Non, Soumission n'est pas un roman islamophobe, ce n'est même pas vraiment une satire de l'Islam et de ses préceptes pour la vie civile, encore moins une espèce de texte d'anticipation politico-flippant. N'en déplaise à tous les polémistes de nos petits écrans venimeux, Soumission ne sent pas le souffre. Si il faut absolument désigner une cible à cette supposée attaque houellebecquienne, ce serait les fantasmes des occidentaux : guerre civile, polygamie, et... et puis c'est à peu près tout. Parce que notre connaissance de l'Islam, encore aujourd'hui au XXIème siècle, alors même que la France est un pays de mixité, de rencontres, de mélange, n'est pas beaucoup plus renseignée qu'à la grande époque de Delacroix, auteur de La Mort de Sardanapale : violence brutale et sexe débridé.

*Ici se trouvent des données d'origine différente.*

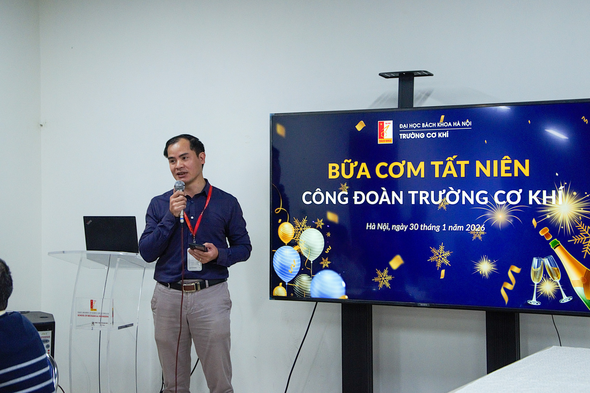 Bữa cơm tất niên không chỉ là dịp để mọi người cùng nhau nhìn lại một năm đã qua với nhiều nỗ lực và thành quả, mà còn là khoảng thời gian quý giá để các cán bộ, nhân viên Trường Cơ khí - ĐHBKHN được quây quần, sẻ chia, tăng cường sự gắn kết và thắt chặt tình đồng nghiệp. Trong không gian ấm cúng, thân tình, những câu chuyện công việc, những kỷ niệm vui buồn của một năm cũ được chia sẻ, tạo nên không khí gần gũi, chan hòa và đầy cảm xúc.

François, le héros du roman est un universitaire sorbonnard, spécialiste de Joris-Karl Huysmans, auteur décadent de la fin du XIXe siècle. Evidemment, comme à l'accoutumée, Michel est François, qui lui-même est Joris-Karl. Nous sommes en 2022, et les élections présidentielles permettent l'arrivée au pouvoir du parti de la Fraternité musulmane, et de son leader Mohammed Ben Habbes. Tout à coup les choses s'accélèrent : il faut virer son argent sur des comptes à l'étranger, fuir Paris pour une province lointaine et rassurante, l'université est fermée, radio et télévision n'émettent plus, François enjambe des morts dans une station service, et puis... et puis pschitt. Rien. Ou pas grand chose. Ben Habbes est un bon gestionnaire, son premier ministre est l’inoffensif François Bayrou, l'université rouvre ses portes et les intellectuels sont chouchoutés par le pouvoir en place.
C'est un peu comme dans Là-bas de Huysmans : roman réputé satanique car entièrement conçu comme une enquête sur les milieux très fermés et dangereux de l'occultisme et de l'ésotérisme luciférien. Or, dans ce texte, finalement, les scènes les plus marquantes sont celles où les personnages sont à table, autour de bon petits plats franchouillards et généreux, cuisinés et servis par l'obligeante matrone... Deux cents ans plus tard, rien n'a vraiment changé et si, certes, les femmes dorénavant n'ont plus le droit d'enseigner à l'université, ma foi, la collègue maître de conférence de François est aussi une fantastique cuisinière, alors... Parce que finalement, on n'a pas eu besoin d'attendre l'Islam pour voir des conduites misogynes dans notre pays. Au beau milieu du roman, Rocamadour fait figure d'enclave de préservation du patrimoine spirituel et patriotique de ce qui fait, soi-disant, la France : vieilles pierres, dévotion à Marie, choeurs catholiques et spécialités du terroir cuisinées par l'ex-thésarde, silencieuse et aux petits soins pour ces messieurs.
On peut aussi voir le personnage principal de Soumission comme un autre Meursault, L'Etranger d'Albert Camus : « maman », n'est pas morte aujourd'hui mais il y a plusieurs semaines, et son émotion, quand il l'apprend, n'est pas plus vive que celle de Meursault ; comme celui-ci aussi il traverse la société en posant sur elle un regard indifférent, uniquement guidé par ses sensations : la faim, le désir sexuel, et puis aussi, peut-être, par une vague curiosité pour ce qui se passe autour de lui, sans plus...
Pragmatique, François se convertira sans doute : l'Islam au pouvoir est permissif, il pourra toujours toujours savourer en connaisseur quelques grands crus ; l'Islam au pouvoir est généreux : son salaire se voit considérablement augmenté ; l'Islam au pouvoir est conciliant : son statut et son salaire lui permettront d'avoir deux, ou trois jeunes épouses, et d'oublier ainsi sa misère affective et sexuelle, marque des héros de Houellebecq. Alors ma foi, la cause des femmes... Bref, les musulmans ne prendront pas ombrage de ce roman plus drôle que sérieux, qui en définitive est un roman très bien fichu, très littéraire, nourri de références et qui dénonce avant tout les fantasmes, la bêtises et l'hypocrisie de l'élite intellectuelle de notre pays, égocentrée et opportuniste... Alors oui, il faut lire Soumission, parce que c'est seulement un bon roman  ! Anaïs T.